Give back every record below in full and exactly, but without a single image.

━━ Listed records

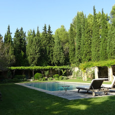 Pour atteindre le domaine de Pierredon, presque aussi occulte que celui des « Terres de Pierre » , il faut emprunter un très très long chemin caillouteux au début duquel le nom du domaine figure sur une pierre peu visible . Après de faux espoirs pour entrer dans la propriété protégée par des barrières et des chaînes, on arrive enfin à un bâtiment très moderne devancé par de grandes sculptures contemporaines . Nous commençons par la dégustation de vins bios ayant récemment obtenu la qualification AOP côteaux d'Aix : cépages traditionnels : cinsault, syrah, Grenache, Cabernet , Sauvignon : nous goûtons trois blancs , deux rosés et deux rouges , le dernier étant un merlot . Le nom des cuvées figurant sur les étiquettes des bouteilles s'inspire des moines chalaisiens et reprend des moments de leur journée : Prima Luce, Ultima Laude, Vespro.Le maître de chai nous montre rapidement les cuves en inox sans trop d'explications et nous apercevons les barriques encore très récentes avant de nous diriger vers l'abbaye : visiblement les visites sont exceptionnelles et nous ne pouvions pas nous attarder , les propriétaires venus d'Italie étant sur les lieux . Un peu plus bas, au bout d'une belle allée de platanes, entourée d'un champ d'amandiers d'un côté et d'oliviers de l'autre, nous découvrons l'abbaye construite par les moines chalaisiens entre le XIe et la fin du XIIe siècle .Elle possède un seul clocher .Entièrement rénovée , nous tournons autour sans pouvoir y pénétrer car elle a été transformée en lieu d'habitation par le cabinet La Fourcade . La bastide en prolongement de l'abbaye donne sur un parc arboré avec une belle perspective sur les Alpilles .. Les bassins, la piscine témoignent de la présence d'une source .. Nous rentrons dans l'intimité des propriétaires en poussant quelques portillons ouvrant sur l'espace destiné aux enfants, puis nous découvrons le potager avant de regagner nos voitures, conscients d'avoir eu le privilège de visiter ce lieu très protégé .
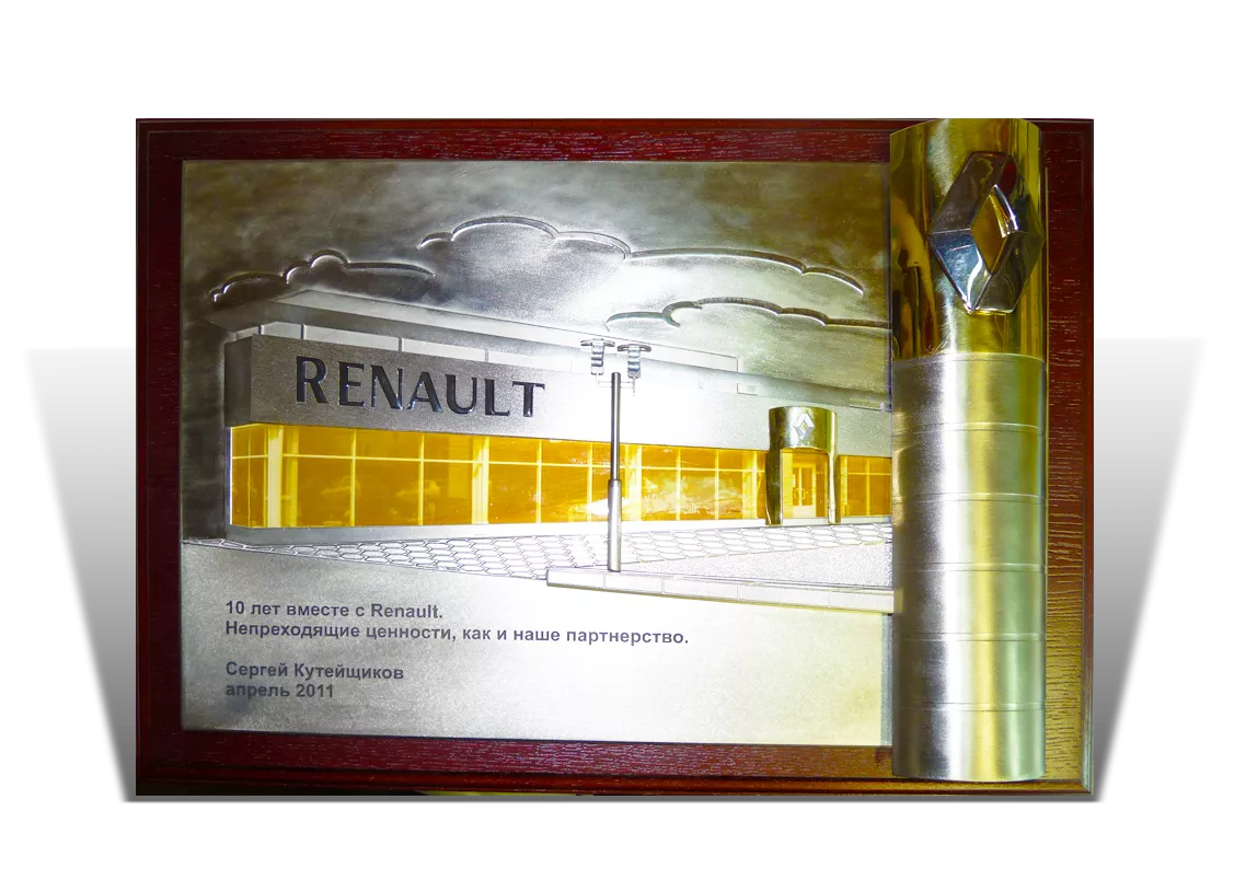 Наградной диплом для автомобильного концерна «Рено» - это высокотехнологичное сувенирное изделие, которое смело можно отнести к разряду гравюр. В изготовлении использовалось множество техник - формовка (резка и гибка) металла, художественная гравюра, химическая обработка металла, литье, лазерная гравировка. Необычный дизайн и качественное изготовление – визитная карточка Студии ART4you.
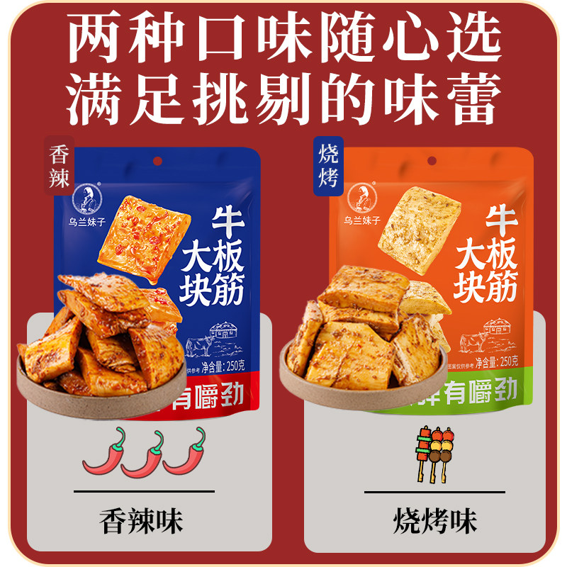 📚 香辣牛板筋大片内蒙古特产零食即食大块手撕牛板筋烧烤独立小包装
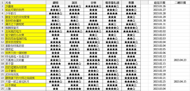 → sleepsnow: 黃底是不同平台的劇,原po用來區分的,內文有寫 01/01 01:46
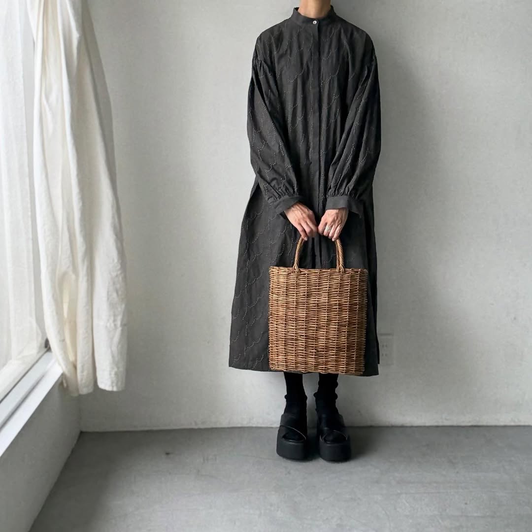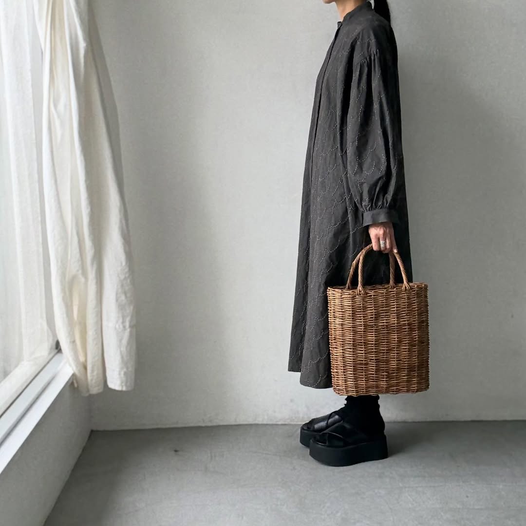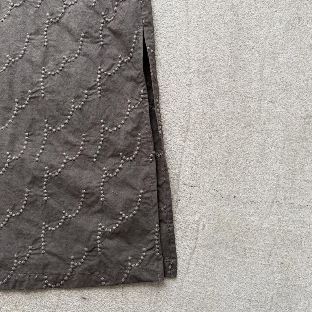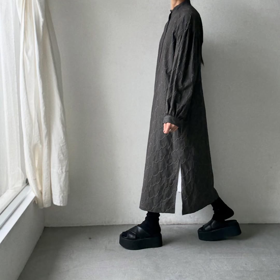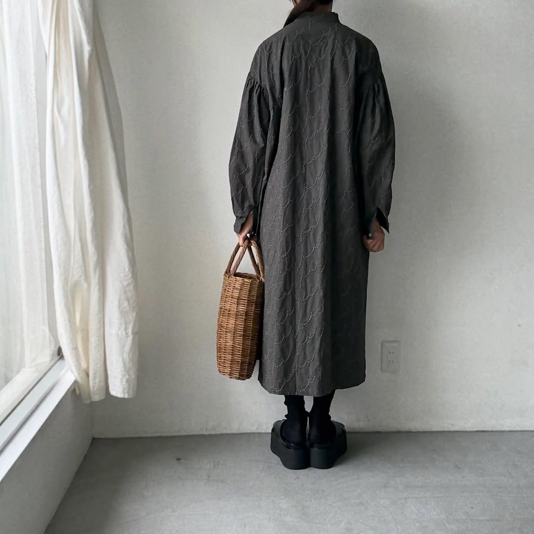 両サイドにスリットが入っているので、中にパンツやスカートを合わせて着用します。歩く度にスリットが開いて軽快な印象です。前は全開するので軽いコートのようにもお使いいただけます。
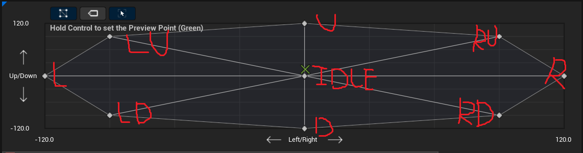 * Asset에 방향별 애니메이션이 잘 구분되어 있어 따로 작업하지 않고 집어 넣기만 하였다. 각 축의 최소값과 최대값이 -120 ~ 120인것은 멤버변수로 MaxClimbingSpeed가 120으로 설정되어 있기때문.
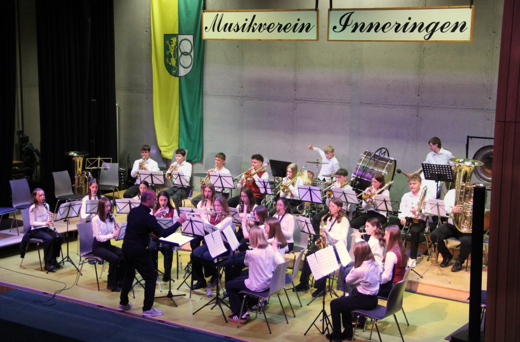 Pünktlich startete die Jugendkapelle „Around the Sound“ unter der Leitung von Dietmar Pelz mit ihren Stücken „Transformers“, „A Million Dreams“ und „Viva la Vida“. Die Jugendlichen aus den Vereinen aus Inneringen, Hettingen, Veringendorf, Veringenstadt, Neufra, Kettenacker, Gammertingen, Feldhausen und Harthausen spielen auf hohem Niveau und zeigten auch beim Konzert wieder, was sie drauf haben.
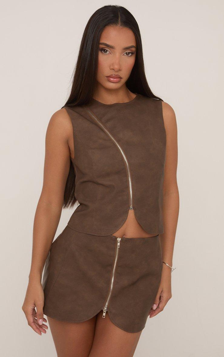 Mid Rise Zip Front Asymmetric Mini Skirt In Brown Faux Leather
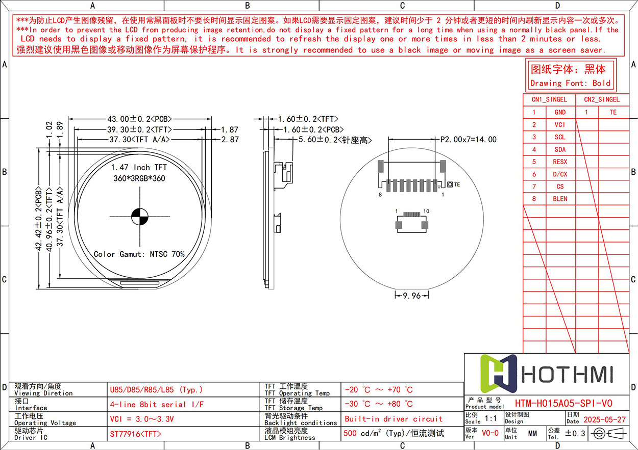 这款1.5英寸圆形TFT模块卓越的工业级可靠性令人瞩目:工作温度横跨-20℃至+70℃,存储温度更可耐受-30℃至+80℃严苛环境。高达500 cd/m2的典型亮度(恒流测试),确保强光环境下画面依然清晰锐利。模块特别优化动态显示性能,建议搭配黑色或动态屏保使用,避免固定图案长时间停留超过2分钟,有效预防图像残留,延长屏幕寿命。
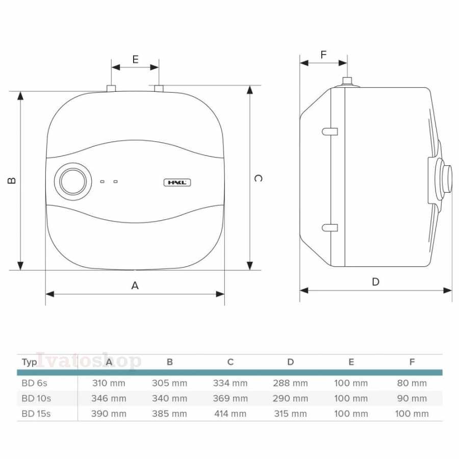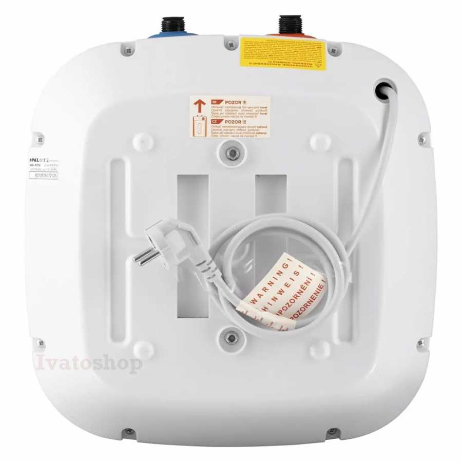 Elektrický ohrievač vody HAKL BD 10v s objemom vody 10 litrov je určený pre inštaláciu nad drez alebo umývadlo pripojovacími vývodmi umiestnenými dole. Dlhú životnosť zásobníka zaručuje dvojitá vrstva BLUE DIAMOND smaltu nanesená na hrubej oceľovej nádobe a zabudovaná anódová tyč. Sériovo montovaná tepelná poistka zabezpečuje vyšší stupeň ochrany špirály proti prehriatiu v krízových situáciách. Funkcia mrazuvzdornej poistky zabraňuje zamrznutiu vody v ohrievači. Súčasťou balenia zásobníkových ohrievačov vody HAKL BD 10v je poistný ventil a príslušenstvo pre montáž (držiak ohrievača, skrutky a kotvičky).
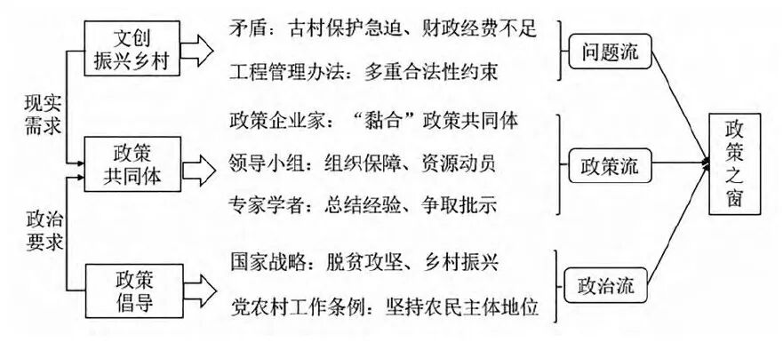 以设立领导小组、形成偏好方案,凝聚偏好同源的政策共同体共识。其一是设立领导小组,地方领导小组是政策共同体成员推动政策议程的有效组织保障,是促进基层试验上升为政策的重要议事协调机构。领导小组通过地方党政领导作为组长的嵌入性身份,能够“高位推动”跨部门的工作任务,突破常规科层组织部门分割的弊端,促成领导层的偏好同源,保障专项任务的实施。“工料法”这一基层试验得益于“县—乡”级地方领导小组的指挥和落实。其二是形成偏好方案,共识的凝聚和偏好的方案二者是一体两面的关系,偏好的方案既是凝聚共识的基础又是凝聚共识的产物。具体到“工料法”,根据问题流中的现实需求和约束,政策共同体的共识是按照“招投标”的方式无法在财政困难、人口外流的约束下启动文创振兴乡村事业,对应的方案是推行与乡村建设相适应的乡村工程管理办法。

━━━━

Solution for this problem:
 Pour atteindre le domaine de Pierredon, presque aussi occulte que celui des « Terres de Pierre » , il faut emprunter un très très long chemin caillouteux au début duquel le nom du domaine figure sur une pierre peu visible . Après de faux espoirs pour entrer dans la propriété protégée par des barrières et des chaînes, on arrive enfin à un bâtiment très moderne devancé par de grandes sculptures contemporaines . Nous commençons par la dégustation de vins bios ayant récemment obtenu la qualification AOP côteaux d'Aix : cépages traditionnels : cinsault, syrah, Grenache, Cabernet , Sauvignon : nous goûtons trois blancs , deux rosés et deux rouges , le dernier étant un merlot . Le nom des cuvées figurant sur les étiquettes des bouteilles s'inspire des moines chalaisiens et reprend des moments de leur journée : Prima Luce, Ultima Laude, Vespro.Le maître de chai nous montre rapidement les cuves en inox sans trop d'explications et nous apercevons les barriques encore très récentes avant de nous diriger vers l'abbaye : visiblement les visites sont exceptionnelles et nous ne pouvions pas nous attarder , les propriétaires venus d'Italie étant sur les lieux . Un peu plus bas, au bout d'une belle allée de platanes, entourée d'un champ d'amandiers d'un côté et d'oliviers de l'autre, nous découvrons l'abbaye construite par les moines chalaisiens entre le XIe et la fin du XIIe siècle .Elle possède un seul clocher .Entièrement rénovée , nous tournons autour sans pouvoir y pénétrer car elle a été transformée en lieu d'habitation par le cabinet La Fourcade . La bastide en prolongement de l'abbaye donne sur un parc arboré avec une belle perspective sur les Alpilles .. Les bassins, la piscine témoignent de la présence d'une source .. Nous rentrons dans l'intimité des propriétaires en poussant quelques portillons ouvrant sur l'espace destiné aux enfants, puis nous découvrons le potager avant de regagner nos voitures, conscients d'avoir eu le privilège de visiter ce lieu très protégé .
 Наградной диплом для автомобильного концерна «Рено» - это высокотехнологичное сувенирное изделие, которое смело можно отнести к разряду гравюр. В изготовлении использовалось множество техник - формовка (резка и гибка) металла, художественная гравюра, химическая обработка металла, литье, лазерная гравировка. Необычный дизайн и качественное изготовление – визитная карточка Студии ART4you.
 📚 香辣牛板筋大片内蒙古特产零食即食大块手撕牛板筋烧烤独立小包装
 → sleepsnow: 黃底是不同平台的劇,原po用來區分的,內文有寫 01/01 01:46
 両サイドにスリットが入っているので、中にパンツやスカートを合わせて着用します。歩く度にスリットが開いて軽快な印象です。前は全開するので軽いコートのようにもお使いいただけます。
 * Asset에 방향별 애니메이션이 잘 구분되어 있어 따로 작업하지 않고 집어 넣기만 하였다. 각 축의 최소값과 최대값이 -120 ~ 120인것은 멤버변수로 MaxClimbingSpeed가 120으로 설정되어 있기때문.
 Pünktlich startete die Jugendkapelle „Around the Sound“ unter der Leitung von Dietmar Pelz mit ihren Stücken „Transformers“, „A Million Dreams“ und „Viva la Vida“. Die Jugendlichen aus den Vereinen aus Inneringen, Hettingen, Veringendorf, Veringenstadt, Neufra, Kettenacker, Gammertingen, Feldhausen und Harthausen spielen auf hohem Niveau und zeigten auch beim Konzert wieder, was sie drauf haben.
 Mid Rise Zip Front Asymmetric Mini Skirt In Brown Faux Leather
 这款1.5英寸圆形TFT模块卓越的工业级可靠性令人瞩目:工作温度横跨-20℃至+70℃,存储温度更可耐受-30℃至+80℃严苛环境。高达500 cd/m2的典型亮度(恒流测试),确保强光环境下画面依然清晰锐利。模块特别优化动态显示性能,建议搭配黑色或动态屏保使用,避免固定图案长时间停留超过2分钟,有效预防图像残留,延长屏幕寿命。
 Elektrický ohrievač vody HAKL BD 10v s objemom vody 10 litrov je určený pre inštaláciu nad drez alebo umývadlo pripojovacími vývodmi umiestnenými dole. Dlhú životnosť zásobníka zaručuje dvojitá vrstva BLUE DIAMOND smaltu nanesená na hrubej oceľovej nádobe a zabudovaná anódová tyč. Sériovo montovaná tepelná poistka zabezpečuje vyšší stupeň ochrany špirály proti prehriatiu v krízových situáciách. Funkcia mrazuvzdornej poistky zabraňuje zamrznutiu vody v ohrievači. Súčasťou balenia zásobníkových ohrievačov vody HAKL BD 10v je poistný ventil a príslušenstvo pre montáž (držiak ohrievača, skrutky a kotvičky).
 以设立领导小组、形成偏好方案,凝聚偏好同源的政策共同体共识。其一是设立领导小组,地方领导小组是政策共同体成员推动政策议程的有效组织保障,是促进基层试验上升为政策的重要议事协调机构。领导小组通过地方党政领导作为组长的嵌入性身份,能够“高位推动”跨部门的工作任务,突破常规科层组织部门分割的弊端,促成领导层的偏好同源,保障专项任务的实施。“工料法”这一基层试验得益于“县—乡”级地方领导小组的指挥和落实。其二是形成偏好方案,共识的凝聚和偏好的方案二者是一体两面的关系,偏好的方案既是凝聚共识的基础又是凝聚共识的产物。具体到“工料法”,根据问题流中的现实需求和约束,政策共同体的共识是按照“招投标”的方式无法在财政困难、人口外流的约束下启动文创振兴乡村事业,对应的方案是推行与乡村建设相适应的乡村工程管理办法。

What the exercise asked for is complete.